Solutions of potassium carbonate, copper(II) chloride, and lead(II) nitrate are each added to a beaker. Will any compound(s) precipitate from solution? Write a balanced net ionic equation for any precipitation reaction that occurs.
I have gotten this so far:
K2CO3(aq) + CuCl2(aq) + Pb(NO3)2(aq) -> ?
But I am not sure how to complete the equation with 3 reactants.
Remember that reactions occur for one of a few reasons.
1. a ppt is formed
2. a gas is formed
3. a slightly ionized substance is formed.

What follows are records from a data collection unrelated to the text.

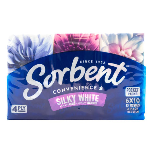 Sorbent 10 Tissues Silky White Soft & Strong Pocket Packet (21cm X 21cm) 12 x 6Pk (72 Pack)
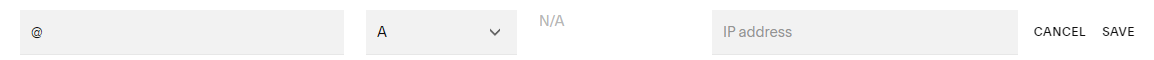 - Add an A record, name it @, set it to your IP address (see note at the top of this article), and click "Save".
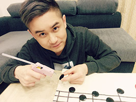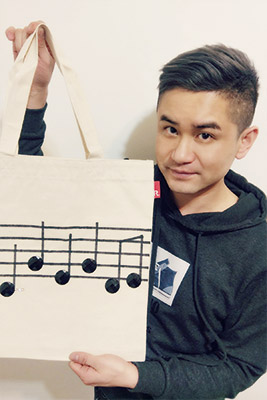 設計概念:我把《我是台灣人》的旋律《Do Sol Mi Sol Re Mi》用音符呈現在五線譜上,優美的音符跳動,表現出台灣人的優雅品質。
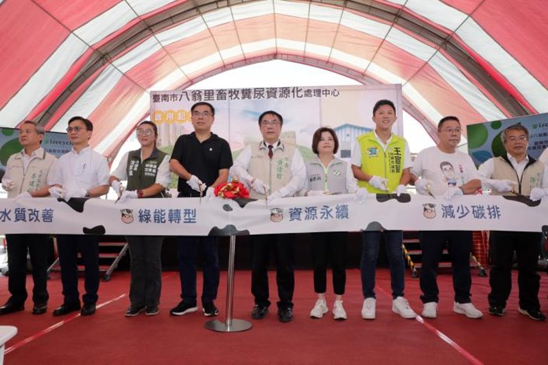 【記者陳岑博/台南報導】畜牧排泄物也能變黃金!臺南柳營八翁里是全國最大酪農區,在產官學研公私協力下,誕生全國首座酪農綠能循環中心,全臺最大的畜牧糞尿集中處理廠-「臺南市八翁里畜牧糞尿資源化處理中心」今(1)日正式啟用,臺南市長黃偉哲與環境部長彭啓明共同主持啟用典禮,立委賴惠員及市議員沈家鳳、蔡育輝、王宣貿與當地畜牧業者、產官學界專家代表到場共襄盛舉,未來除可改善酪農區畜牧廢水與異味問題,更能有效提升鄰近急水溪水質,為地方創造多贏,更是全臺畜牧污染轉廢為能標竿。
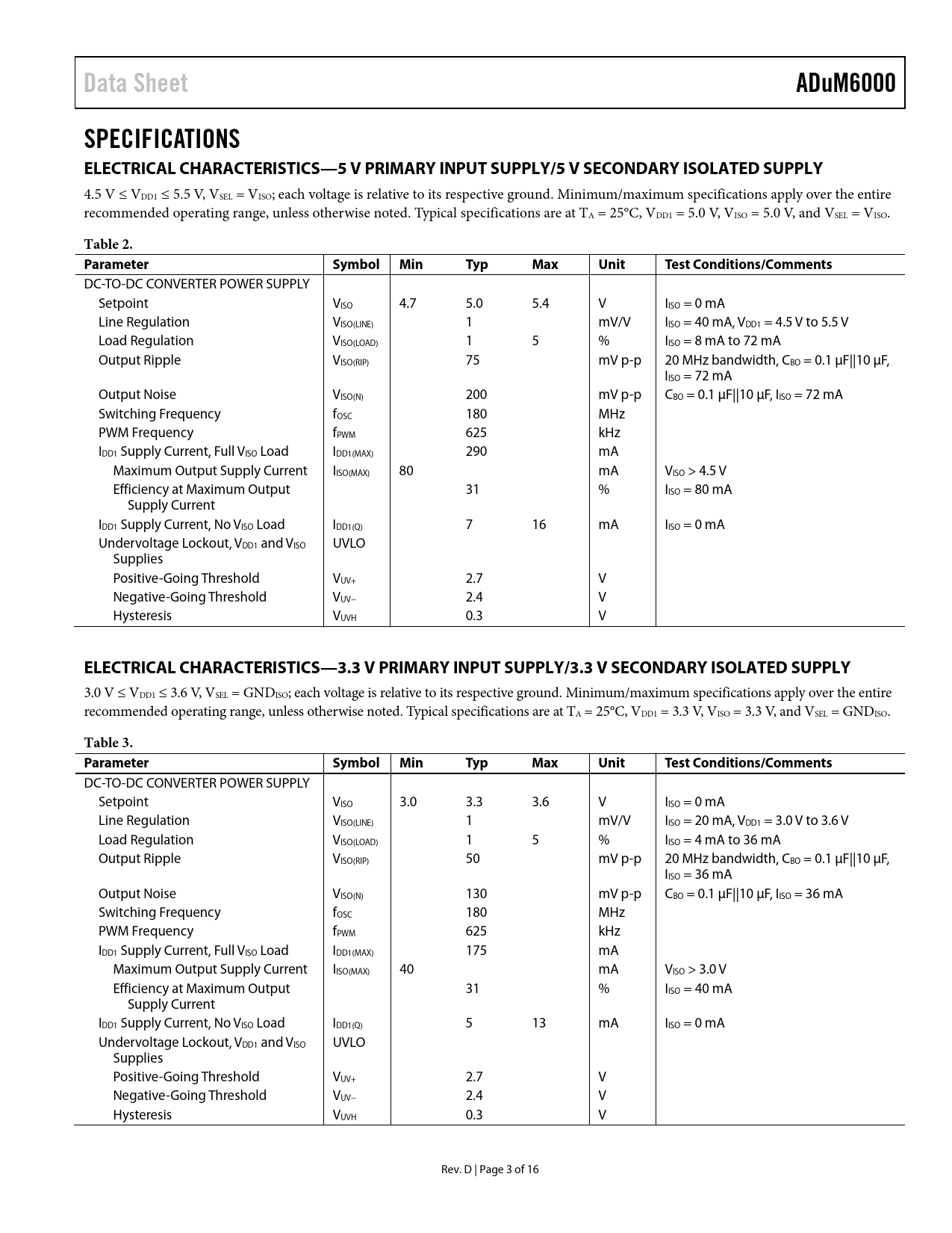 Data SheetADuM6000SPECIFICATIONS ELECTRICAL CHARACTERISTICS—5 V PRIMARY INPUT SUPPLY/5 V SECONDARY ISOLATED SUPPLY 4.5 V ≤ VDD1 ≤ 5.5 V, VSEL = VISO; each voltage is relative to its respective ground. Minimum/maximum specifications apply over the entire recommended operating range, unless otherwise noted. Typical specifications are at TA = 25°C, VDD1 = 5.0 V, VISO = 5.0 V, and VSEL = VISO. Table 2. ParameterSymbolMinTypMaxUnitTest Conditions/Comments DC-TO-DC CONVERTER POWER SUPPLY Setpoint VISO 4.7 5.0 5.4 V IISO = 0 mA Line Regulation VISO(LINE) 1 mV/V IISO = 40 mA, VDD1 = 4.5 V to 5.5 V Load Regulation VISO(LOAD) 1 5 % IISO = 8 mA to 72 mA Output Ripple VISO(RIP) 75 mV p-p 20 MHz bandwidth, CBO = 0.1 μF||10 μF, IISO = 72 mA Output Noise VISO(N) 200 mV p-p CBO = 0.1 μF||10 μF, IISO = 72 mA Switching Frequency fOSC 180 MHz PWM Frequency fPWM 625 kHz IDD1 Supply Current, Full VISO Load IDD1(MAX) 290 mA Maximum Output Supply Current IISO(MAX) 80 mA VISO > 4.5 V Efficiency at Maximum Output 31 % IISO = 80 mA Supply Current IDD1 Supply Current, No VISO Load IDD1(Q) 7 16 mA IISO = 0 mA Undervoltage Lockout, VDD1 and VISO UVLO Supplies Positive-Going Threshold VUV+ 2.7 V Negative-Going Threshold VUV− 2.4 V Hysteresis VUVH 0.3 V ELECTRICAL CHARACTERISTICS—3.3 V PRIMARY INPUT SUPPLY/3.3 V SECONDARY ISOLATED SUPPLY 3.0 V ≤ VDD1 ≤ 3.6 V, VSEL = GNDISO; each voltage is relative to its respective ground. Minimum/maximum specifications apply over the entire recommended operating range, unless otherwise noted. Typical specifications are at TA = 25°C, VDD1 = 3.3 V, VISO = 3.3 V, and VSEL = GNDISO. Table 3. ParameterSymbolMinTypMaxUnitTest Conditions/Comments DC-TO-DC CONVERTER POWER SUPPLY Setpoint VISO 3.0 3.3 3.6 V IISO = 0 mA Line Regulation VISO(LINE) 1 mV/V IISO = 20 mA, VDD1 = 3.0 V to 3.6 V Load Regulation VISO(LOAD) 1 5 % IISO = 4 mA to 36 mA Output Ripple VISO(RIP) 50 mV p-p 20 MHz bandwidth, CBO = 0.1 μF||10 μF, IISO = 36 mA Output Noise VISO(N) 130 mV p-p CBO = 0.1 μF||10 μF, IISO = 36 mA Switching Frequency fOSC 180 MHz PWM Frequency fPWM 625 kHz IDD1 Supply Current, Full VISO Load IDD1(MAX) 175 mA Maximum Output Supply Current IISO(MAX) 40 mA VISO > 3.0 V Efficiency at Maximum Output 31 % IISO = 40 mA Supply Current IDD1 Supply Current, No VISO Load IDD1(Q) 5 13 mA IISO = 0 mA Undervoltage Lockout, VDD1 and VISO UVLO Supplies Positive-Going Threshold VUV+ 2.7 V Negative-Going Threshold VUV− 2.4 V Hysteresis VUVH 0.3 V Rev. D | Page 3 of 16 Document Outline Features Applications General Description Functional Block Diagram Revision History Specifications Electrical Characteristics—5 V Primary Input Supply/5 V Secondary Isolated Supply Electrical Characteristics—3.3 V Primary Input Supply/3.3 V Secondary Isolated Supply Electrical Characteristics—5 V Primary Input Supply/3.3 V Secondary Isolated Supply Package Characteristics Regulatory Information Insulation and Safety-Related Specifications DIN V VDE V 0884-10 (VDE V 0884-10) and IEC 60747-5-2 (VDE 0884 Part 2):2003-01 Insulation Characteristics Thermal Derating Curve Recommended Operating Conditions Absolute Maximum Ratings ESD Caution Pin Configuration and Function Descriptions Typical Performance Characteristics Applications Information PCB Layout Start-Up Behavior EMI Considerations Thermal Analysis Current Limit and Thermal Overload Protection Power Considerations Increasing Available Power Insulation Lifetime Outline Dimensions Ordering Guide
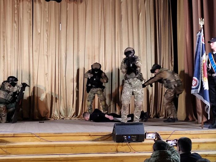 Курсанти виконали Державний Гімн України та разом із присутніми вшанували хвилиною мовчання пам'ять захисників, що загинули, захищаючи Україну, а також мирних громадян, які стали жертвами російської агресії.

This problem requires that you know the solubility of compounds. Here is a site that gives a simplified set of solubility rules.
http://www.files.chem.vt.edu/RVGS/ACT/notes/solubility_rules.html
Therefore you see that PbCO3 is insoluble which means we can write
K2CO3 + Pb(NO3)2 ==> 2KNO3 + PbCO3(s)
Now you need to turn that into a net ionic equation to answer that part of the question.
This is not the only reaction. Can you find the other one?
So when solving this equation, we only use two of the reactants and not all three?
And since there is more than one reaction, do we use the net ionic equations of both as the answer for this question or just one equation?
So would the other reaction be this:
CuCl2(aq) + Pb(NO3)2(aq) --> Cu(NO3)2(aq) + PbCl2(s)
Thank you so much!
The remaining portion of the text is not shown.